Pound Cake (GI of 54)

Pound cake received its name because the traditional recipe called for 1 pound of flour, 1 pound of sugar, 1 pound of butter, and 1 pound of eggs. With that ingredient list, you're probably thinking there's no way pound cake can be low-glycemic. Guess again, my friend. A favorite dessert since the 1700s, pound cake has a low GI. Top it off with some low-glycemic fresh berries, and you have a delicious ending to an overall low-glycemic meal.


Just because pound cake and other cakes have a low glycemic index doesn't mean you should help yourself to gigantic portion sizes. Many cakes are still a source of calories and fat; they also tend to have a high glycemic load when you eat more than the recommended portion size.

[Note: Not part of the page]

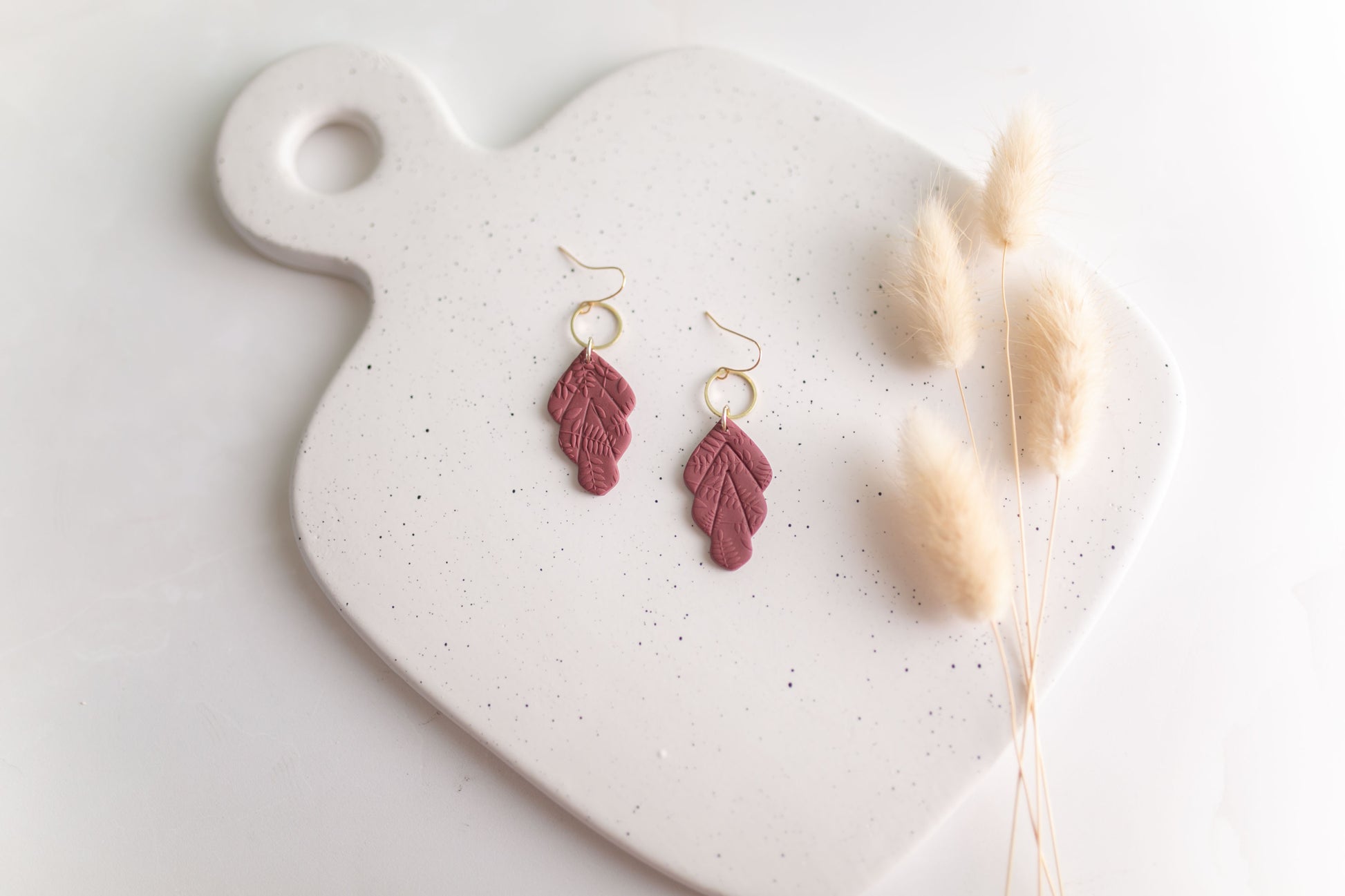 Clay earring | Floral Leaf Dangles | Fall Collection

Instant Chocolate Pudding (GI of 47)

Everything about instant chocolate pudding makes you want to believe it has a high GI: It's a sweet dessert that comes in a little box, requires no cooking, and is ready to eat in minutes. Don't trust your intuition on this one. Remember that milk is low-glycemic and that other desserts, such as chocolate cake, also have a low GI. If you want a sweet, creamy dessert to finish off a low-glycemic meal, instant chocolate pudding is a good choice.


Banana (GI of 52)

For some reason, just about everyone I know thinks bananas are high in sugar and shouldn't be enjoyed on a regular basis. The reality is that bananas have a low GI, similar to many other types of fruit. (Watermelon is one of the only commonly eaten fruits that actually does have a high GI, but that's actually misleading; see Chapter 4 for the explanation why.) Go ahead and add bananas (and watermelon!) to your list of fruits you can enjoy on a low-glycemic diet.


Macaroni (GI of 47)

I think macaroni, and pasta in general, has a reputation as a higher-glycemic food because people tend to eat it in large portions. However, even macaroni made from white flour has a low GI, which may be one reason why people who follow a Mediterranean-style of eating typically enjoy good health.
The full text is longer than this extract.